Cheremnykh, Mikhail Mikhailovich

 

Born Oct. 18 (30), 1890, in Tomsk; died Aug. 7, 1962, in Moscow. Soviet graphic artist. People’s Artist of the RSFSR (1952); member of the Academy of Arts of the USSR (from 1958).

Cheremnykh studied with K. A. Korovin and S. V. Maliutin at the Moscow School of Painting, Sculpture, and Architecture from 1911 to 1917. He taught at the V. I. Surikov Moscow Art Institute from 1949 to 1962, becoming a professor there in 1950. Cheremnykh was the creator of the Okna ROSTA and one of the creators of the Okna TASS (seeOKNA ROSTA and OKNA TASS). He worked for several newspapers and for the magazines Krokodil (from 1922), Bezbozhnik u stanka, and Smekhach.

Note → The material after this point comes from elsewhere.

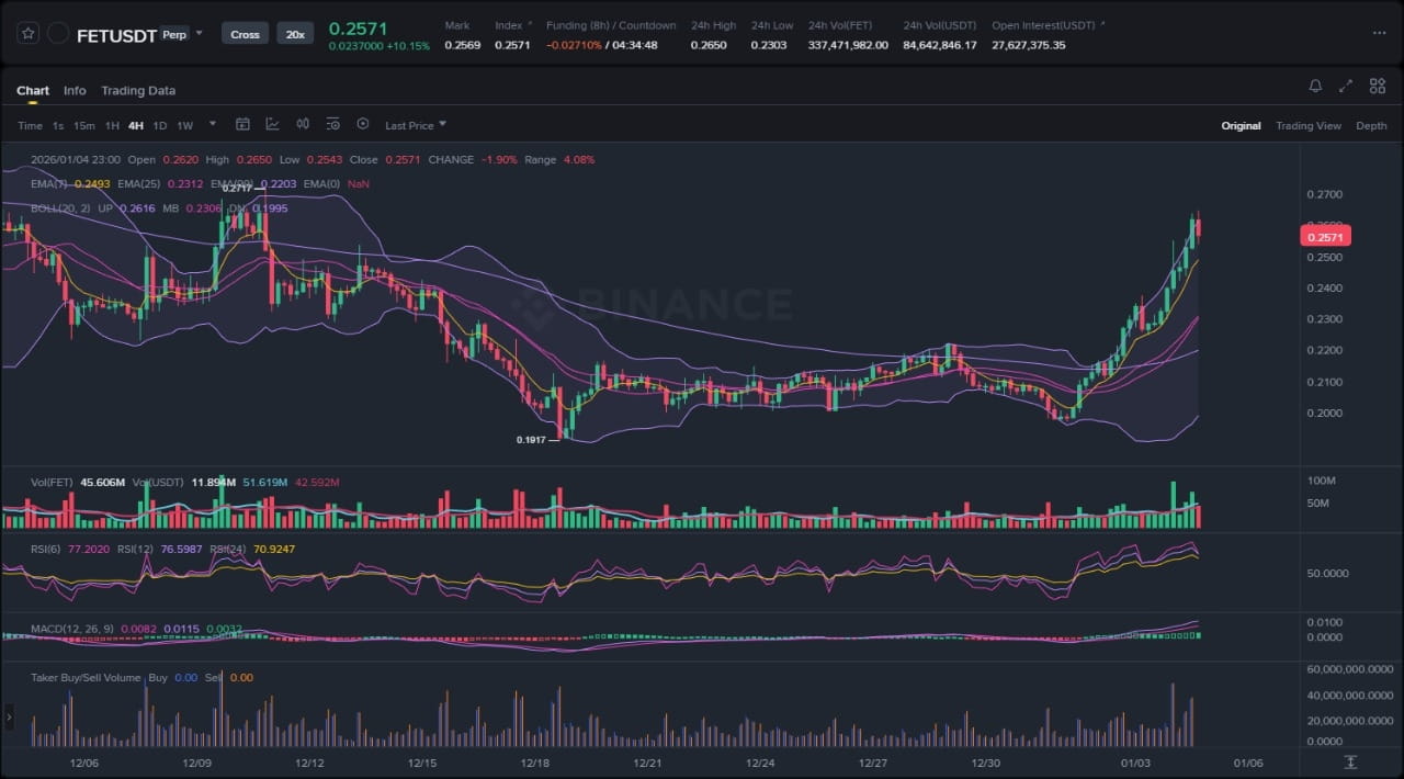 Pierwszy temat—momentum akcji cenowej (bycze): Raport Blockonomi z 4 stycznia szczegółowo opisuje 20% wzrost FET, który przełamał 6-miesięczny trend spadkowy, przy czym cena stabilizuje się w pobliżu $0.26 w obliczu zmieniającej się struktury technicznej i zachowania rynku w krótkim okresie. Artykuł Currency Analytics z 11 grudnia zauważa 11% wzrost do 10 grudnia, przyciągając uwagę inwestorów mimo ryzyk zmienności. To wzmacnia narrację wybicia wykresu, sugerując, że faza dystrybucji mogła się zakończyć.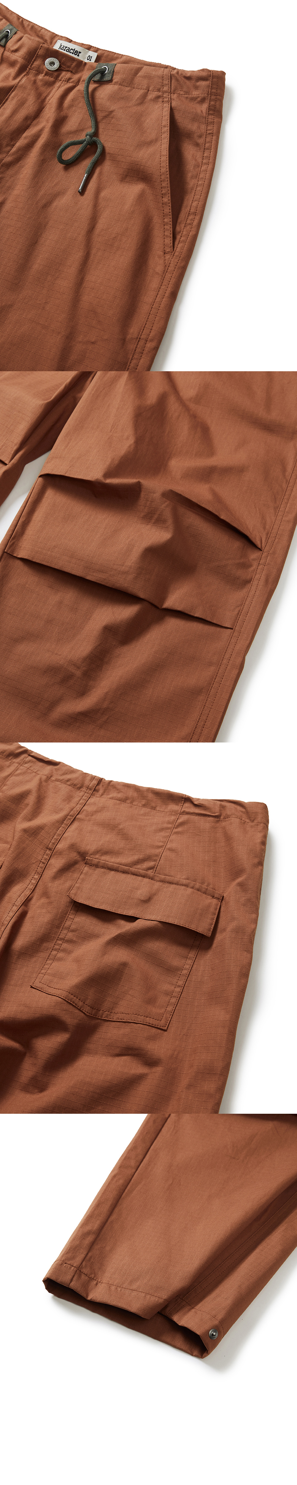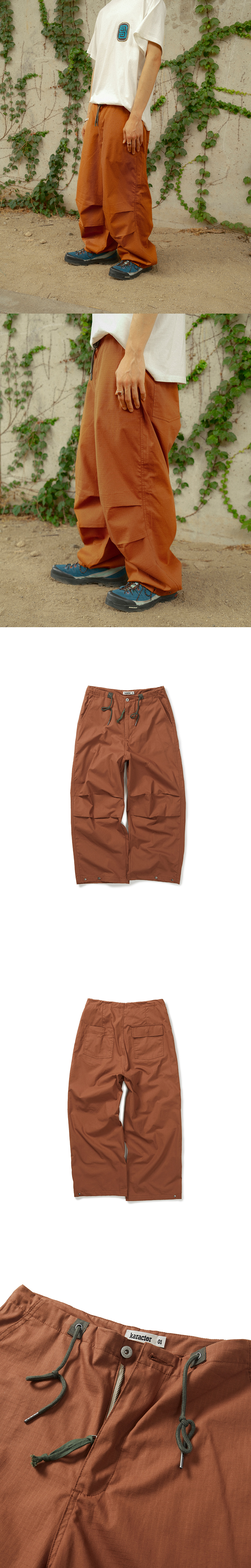 Product Info. - 얇은 두께감의 코튼 소재로 제작된 파라슈트 팬츠 - 매트한 텍스처의 고밀도 립 스탑 소재로 높은 내구성 - 편안하게 착용 가능한 릴렉스드 핏 - 디자인 포인트와 허리 사이즈 조절 기능의 배색 스트링 - 배색 지퍼 플라이 컬러 포인트 - 밑단 버튼 어드저스터로 롤 업 등 다양한 연출에 용이한 아이템 - 후면부 감각적인 불균형 포켓 디자인

Cheremnykh’s work is rich in satiric allegory and symbolism, tending toward grotesque solutions that have a tremendous effect upon the viewer. In his posters and caricatures dealing with international and domestic topics, he frequently used montages of drawings devoted to related subjects and different graphic techniques (for example, simple stylized silhouetting or great tonal and linear detail). Examples of his posters are We Must Be Ready (Okna ROSTA, no. 744, 1920) and May the Antifascist World Front Increase That the Knife Might Fall From This Claw (1938). Cheremnykh also worked as a book illustrator (for example, drawings to the works of M. E. Saltykov-Shchedrin, charcoal and white pigment, 1936–39, Literary Museum, Moscow) and as a stage artist (for A. F. Pashchenko’s Madame de Pompadour, Leningrad Malyi Opera Theater, 1939). A recipient of the State Prize of the USSR in 1942, he was also awarded the Order of the Badge of Honor and various medals.

REFERENCES

[Kostin, V. I.] M. M. Cheremnykh. Moscow, 1957.
[Savostiuk, O., and B. Uspenskii.] M. M. Cheremnykh. [Moscow, 1970.]